CVE-2020-9435

Name of the Vulnerable Software and Affected Versions PHOENIX CONTACT TC ROUTER 3002T-4G versions 2.05.3 and earlier PHOENIX CONTACT TC ROUTER 2002T-3G versions 2.05.3 and earlier PHOENIX CONTACT TC ROUTER 3002T-4G VZW versions 2.05.3 and earlier PHOENIX CONTACT TC ROUTER 3002T-4G ATT versions 2.05.3 and earlier PHOENIX CONTACT TC CLOUD CLIENT 1002-4G versions 2.03.17 and earlier PHOENIX CONTACT TC CLOUD CLIENT 1002-TXTX versions 1.03.17 and earlier

Description The devices contain a hardcoded certificate (and key) that is used by default for web-based services on the device. This allows for impersonation, man-in-the-middle, or passive decryption attacks if the generic certificate is not replaced by a device-specific certificate during installation.

Recommendations For PHOENIX CONTACT TC ROUTER 3002T-4G versions 2.05.3 and earlier, replace the generic certificate with a device-specific certificate during installation. For PHOENIX CONTACT TC ROUTER 2002T-3G versions 2.05.3 and earlier, replace the generic certificate with a device-specific certificate during installation. For PHOENIX CONTACT TC ROUTER 3002T-4G VZW versions 2.05.3 and earlier, replace the generic certificate with a device-specific certificate during installation. For PHOENIX CONTACT TC ROUTER 3002T-4G ATT versions 2.05.3 and earlier, replace the generic certificate with a device-specific certificate during installation.
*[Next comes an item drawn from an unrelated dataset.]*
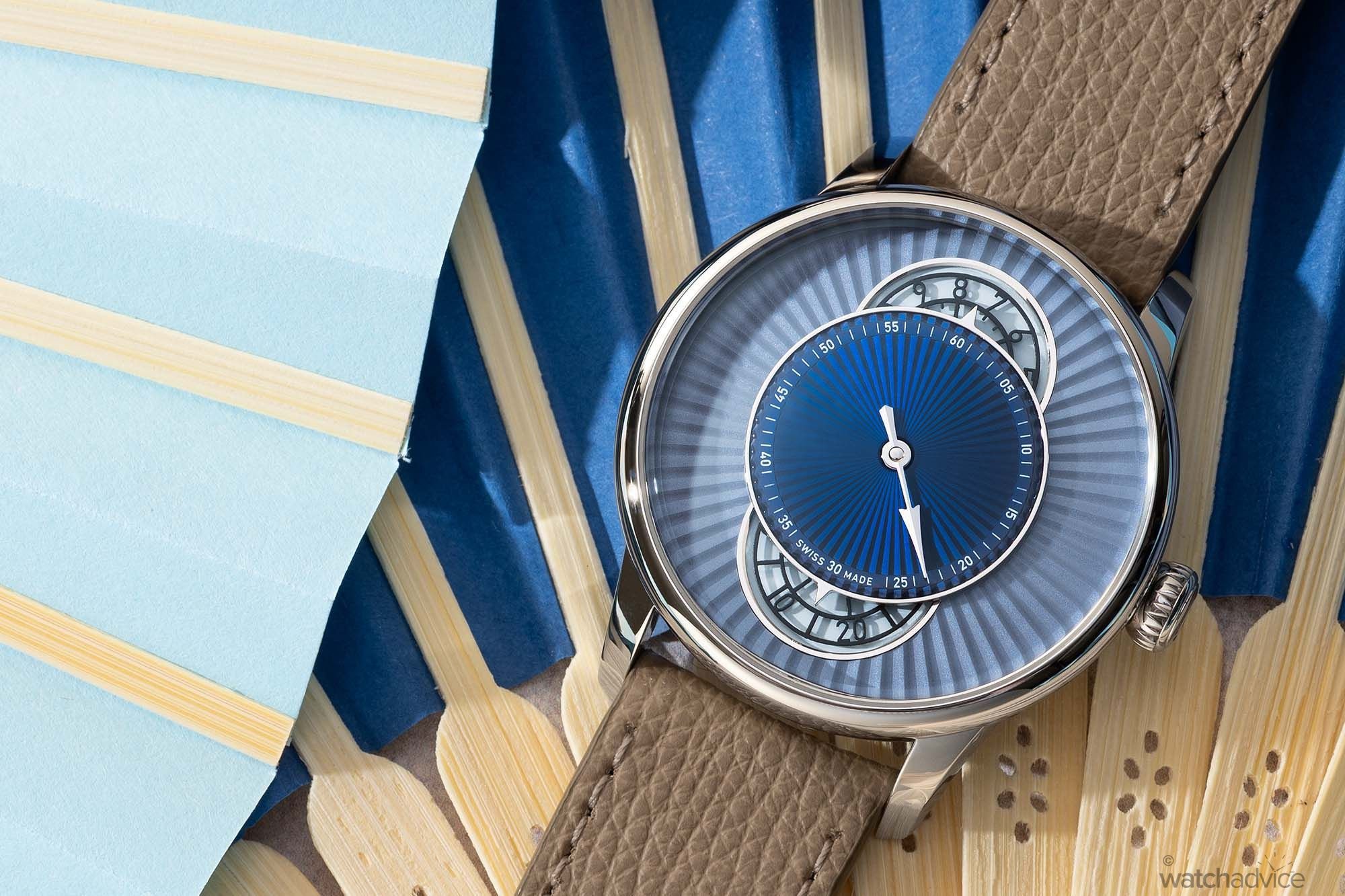 But this watch couldn’t look more different from those old clocks… Rather than conventional sub-dials, the hour and seconds indications are displayed on skeletonized matte-grey rotating discs, set against softly offwhite backgrounds. Hours at 12 o’clock, seconds at 6, and minutes take centre stage in a deep, saturated blue. Both the main dial and the light blue open space feature a subtle fan-like texture, adding depth and catching the light without overwhelming the composition.

For PHOENIX CONTACT TC CLOUD CLIENT 1002-4G versions 2.03.17 and earlier, replace the generic certificate with a device-specific certificate during installation. For PHOENIX CONTACT TC CLOUD CLIENT 1002-TXTX versions 1.03.17 and earlier, replace the generic certificate with a device-specific certificate during installation.